Elderly

In Focus: Aging and Housing Instability (2013)

This issue of In Focus provides a synthesis of recent literature on homelessness among older (age 50-64) and elderly (age 65 and older) adults in the United States. Much of the recent literature and policy focus has been placed on the plight of unstably housed youth and families. However, strong demographic trends, economic insecurity, and lack of affordable senior living have contributed to increased housing instability among those over age 50. Differences in pathways into homelessness, health care utilization, and age-specific clinical issues necessitate further consideration of the graying homeless population and will be discussed in this publication.

Homeless Over 50: The Graying of Chicago’s Homeless Population (2008)

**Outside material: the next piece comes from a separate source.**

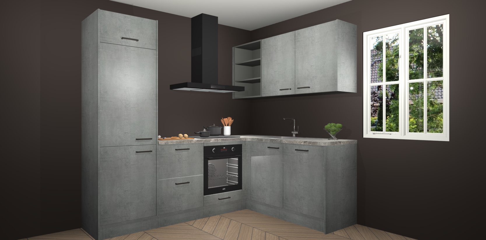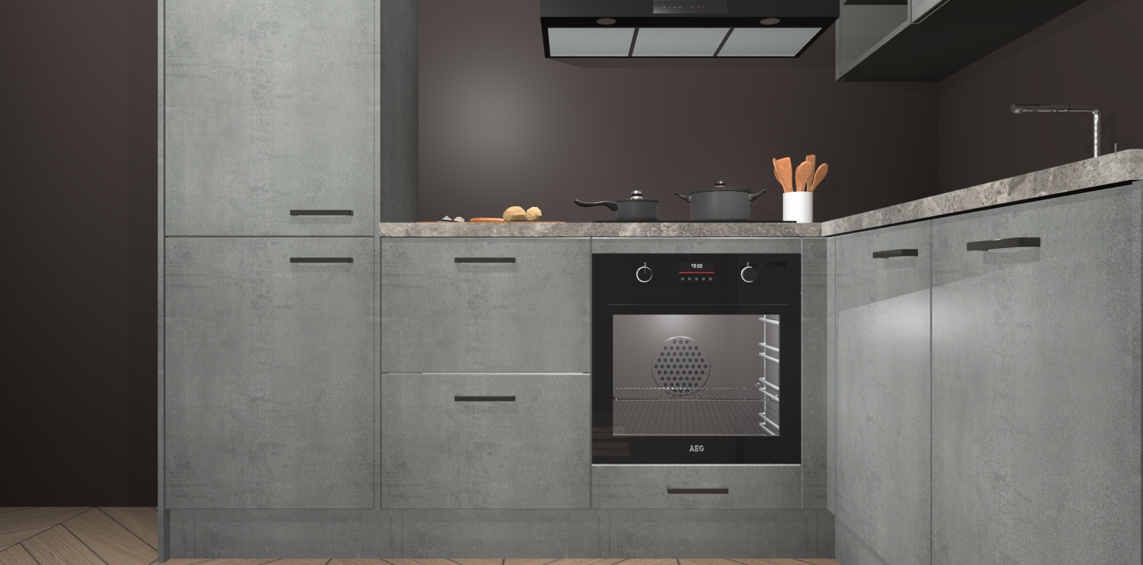 Dit model biedt u voldoende opbergruimte en vijf ingebouwde apparaten: een oven, inductiekookplaat, afzuigkap, vaatwasser en koelkast. Deze apparaten kunnen gemakkelijk worden geüpgrade naar AEG nadat u besteld heeft. De verschillende laden en kastjes bevatten softclose-deuren waardoor ze gezellig dichtvallen met een geruststellend helemaal geruisloos geluid. En dat is nog niet alles! We garanderen ook dat de prijs altijd laag blijft - dus haal nu uw Beton Parelgrijs keuken Krakau terwijl het kan.

In 2006,the Chicago Alliance to End Homelessness teamed with Loyola University’s Center for Urban Research and Learning to undertake a nine-month study of people in Chicago who were homeless and aged 50 to 64. Funded by the Retirement Research Foundation, the study was undertaken in response to reports from homeless service agencies that this cohort of people was growing. Agencies had reported a fast-growing number of people aged 50 – 64 using homeless services, and that they seemed to both share issues with the rest of the homeless population and face circumstances unique to their age and stage of life. The study’s objectives were to:

  • obtain a demographic profile of people who are homeless in Chicago and are between the ages of 50 and 64;
  • understand how the various systems designed to serve this population do and do not meet their needs; and
  • begin to suggest a range of policy and programmatic responses to the needs of this population.

Homeless & Elderly: Understanding the Special Health Care Needs of Elderly Persons Who Are Homeless (2003)

This paper was developed by the Office of Minority & Special Populations in the Bureau of Primary Health Care in an effort to describe the unique challenges that homeless elderly people face in accessing primary health care. Program Assistance Letter 2003-03.